American universalist and university president (1814–1895)

Alonzo Ames Miner (August 17, 1814 – June 14, 1895) was a Universalist minister. He was the second president of Tufts University.

==Origins==
Born in Lempster, New Hampshire, he was the second of five children and only son of Benajah Ames and Amanda (Carey) Miner. His father was a descendant of the colonist Thomas Miner.

He married Maria S. Perley in August 1836.

==Career==
He taught school in rural Vermont and New Hampshire before being ordained a Universalist minister in 1839. He served as pastor to churches in Methuen, Lowell, and Boston, Massachusetts.

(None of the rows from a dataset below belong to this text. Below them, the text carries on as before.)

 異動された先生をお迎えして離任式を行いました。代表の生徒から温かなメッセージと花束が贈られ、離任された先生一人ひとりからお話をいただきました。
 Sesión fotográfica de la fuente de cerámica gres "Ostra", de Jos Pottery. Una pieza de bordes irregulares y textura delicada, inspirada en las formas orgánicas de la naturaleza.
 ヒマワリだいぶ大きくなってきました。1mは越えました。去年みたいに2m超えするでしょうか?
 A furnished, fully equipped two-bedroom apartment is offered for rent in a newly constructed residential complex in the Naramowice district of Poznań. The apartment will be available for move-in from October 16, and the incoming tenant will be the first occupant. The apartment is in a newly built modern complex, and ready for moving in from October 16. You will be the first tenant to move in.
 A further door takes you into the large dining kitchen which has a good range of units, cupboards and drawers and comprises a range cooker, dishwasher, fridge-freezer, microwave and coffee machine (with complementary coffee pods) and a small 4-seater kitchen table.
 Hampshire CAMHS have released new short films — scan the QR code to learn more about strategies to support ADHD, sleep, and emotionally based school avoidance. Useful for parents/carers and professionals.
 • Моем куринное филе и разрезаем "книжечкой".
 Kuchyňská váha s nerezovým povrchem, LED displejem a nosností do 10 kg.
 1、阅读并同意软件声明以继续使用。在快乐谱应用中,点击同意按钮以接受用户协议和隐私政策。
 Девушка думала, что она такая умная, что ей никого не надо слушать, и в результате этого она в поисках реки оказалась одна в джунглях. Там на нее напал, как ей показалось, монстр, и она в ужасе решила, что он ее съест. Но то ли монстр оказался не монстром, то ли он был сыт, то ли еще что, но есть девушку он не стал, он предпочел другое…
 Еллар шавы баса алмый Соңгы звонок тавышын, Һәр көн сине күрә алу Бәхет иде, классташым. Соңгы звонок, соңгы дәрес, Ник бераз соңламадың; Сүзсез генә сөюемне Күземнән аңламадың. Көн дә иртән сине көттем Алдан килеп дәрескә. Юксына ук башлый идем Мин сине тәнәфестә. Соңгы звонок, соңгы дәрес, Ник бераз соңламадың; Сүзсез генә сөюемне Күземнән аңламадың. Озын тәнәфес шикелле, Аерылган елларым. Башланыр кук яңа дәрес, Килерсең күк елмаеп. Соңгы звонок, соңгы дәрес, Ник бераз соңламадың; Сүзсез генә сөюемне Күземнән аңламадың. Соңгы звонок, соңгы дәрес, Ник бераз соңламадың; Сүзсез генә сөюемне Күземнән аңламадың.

Miner supported many moral and civic causes, at various times serving on the Board of Trustees at Tufts College, the Board of Overseers at Harvard (appointed 1863), the Massachusetts Board of Education (from 1869, serving 24 years), the Board of Visitors to the Massachusetts normal school. For 21 years, he was president of the Massachusetts State Temperance Alliance, and he was the Prohibition candidate for Governor of Massachusetts in 1878. One of the founders of Tufts, he rescued the college from near bankruptcy and instituted many new educational programs as president from 1862 to 1875.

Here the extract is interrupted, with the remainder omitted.